Adoration of the Magi, Cristóbal de Villalpando

Otherworldly Gallery
Adoration of the Magi, 1683. Cristóbal de Villalpando.
Office of the President, Fordham University, New York City, USA.

Cristóbal de Villalpando (ca. 1649-1714) was one of the leading painters in New Spain at the end of the 17th century, measured by the number and prestige of the commissions he was awarded. He painted this large biblical scene at the peak of his career.

The painting shows a scene mentioned in the gospel of Matthew when kings, or magi, visit the infant Jesus. In medieval depictions, the three kings often personified the three parts of the known world—Europe, Asia and Africa. Thus Balthazar, one of the kings seen in the center of the painting, is traditionally portrayed as black.

Like other painters of the day, Villalpando turned to engravings of European paintings as inspiration for his work. This particular painting was indebted to Peter Paul Rubens’ works of the same title, which were engraved in the first half of the 17th century. Villalpando’s distinctive stylistic trademarks are clearly visible, like the tapering fingers of his subjects, which almost end in a point.

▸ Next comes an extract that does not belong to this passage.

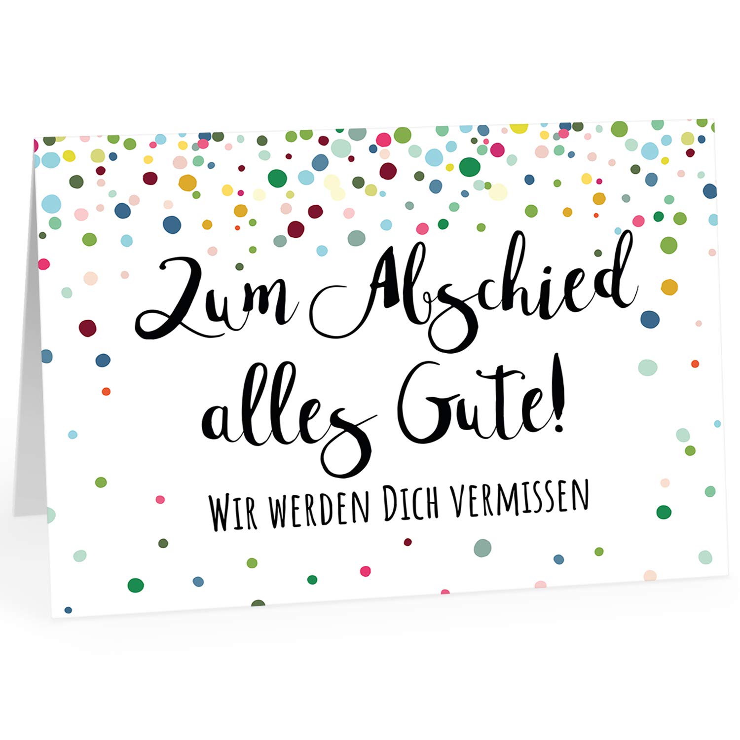 Große Abschiedskarte XXL (A4) Wir werden DICH vermissen – Konfetti bunt mit Umschlag / Edle Design Klappkarte / Rente / Pension / Ruhestand / Verabschiedung / Letzter Arbeitstag / Gruß-Karte für Kollegen
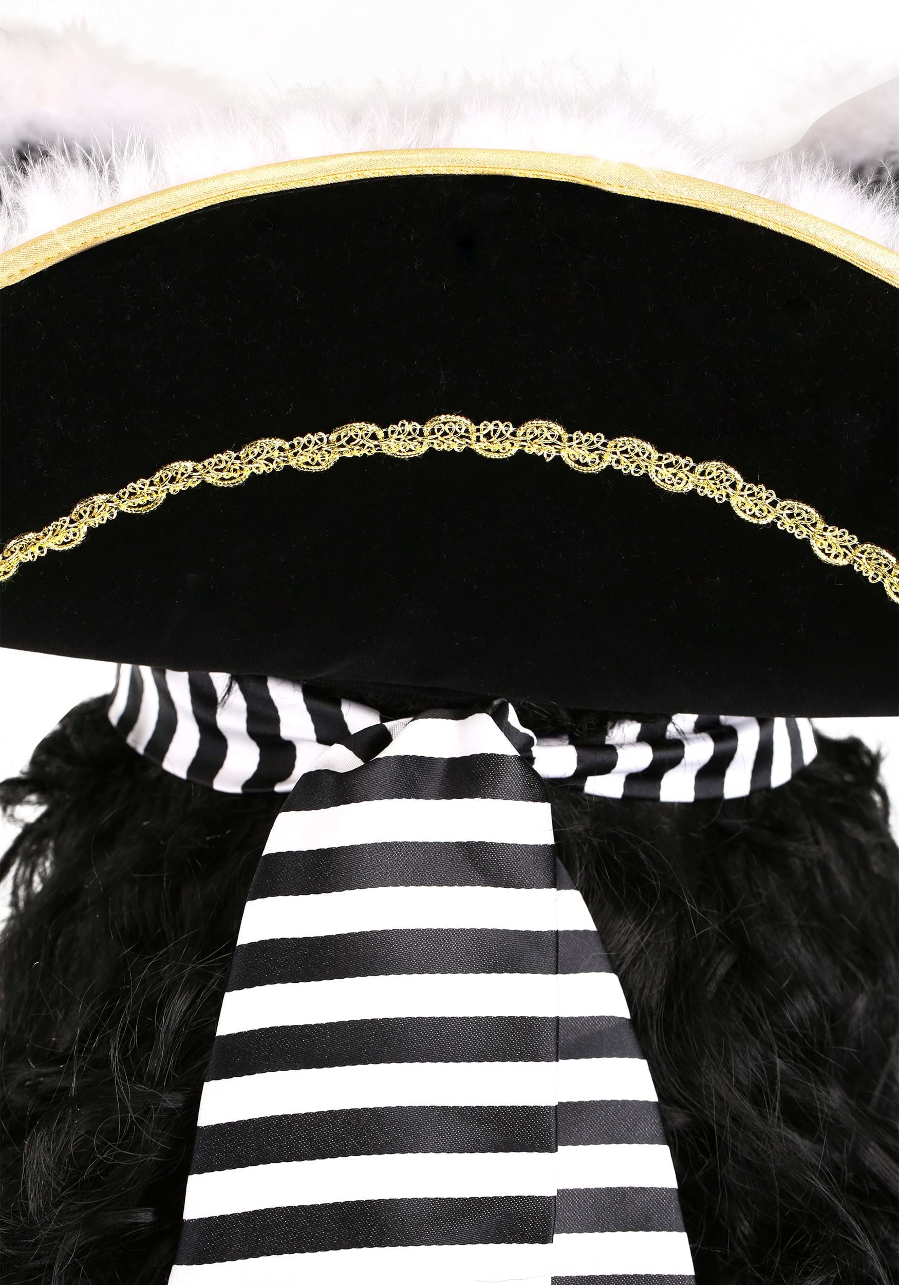 - Hat has feather and gold braid trim, attached striped scarf to tie as desired

Seventeenth- and eighteenth-century viewers would have been quite familiar with the scene, not only through its numerous representations in narrative paintings, but also through performances of religious plays, where the visit of the Magi would be reenacted. On the Epiphany, the Church holiday marking the event that falls after Christmas, priests would also deliver sermons about the kings’ visit to the infant Jesus. Paintings like this one not only reinforced in viewers’ minds the great narratives of the Church, they also gave viewers an opportunity to imagine themselves as witnesses to divine events, akin to the multi-ethnic group that Villalpando crowds into the left side of the painting. One of the figures may be a self-portrait of the artist.

While the original location of this painting is unknown, the large painting seems to have been brought to the United States by members of the Jesuit order who traveled to Mexico in the late 19th century on a “begging tour.” At that time, the baroque style of this painting was out of fashion in Mexico, and it may have been a kind of cast-off given to the US Jesuits. They installed it in their university in the Bronx, in whose collection it remains today.

Gutiérrez Haces, Juana et al. 1997. Cristóbal de Villalpando, ca. 1649-1714. Mexico City: Fomento Cultural Banamex, Instituto de Investigaciones Estéticas, Universidad Nacional Autónoma de México.

Mundy, Barbara E. and Aaron Hyman. “Out of the Shadow of Vasari: Towards a New Model of the ‘Artist’ in Colonial Latin America.” Colonial Latin American Review 24, no. 3 (Winter 2016), pp. 283-317.

Soberón, Arturo. 1997. Cristóbal de Villalpando: el pincel bien temperado. Mexico City: Consejo Nacional Para la Cultura.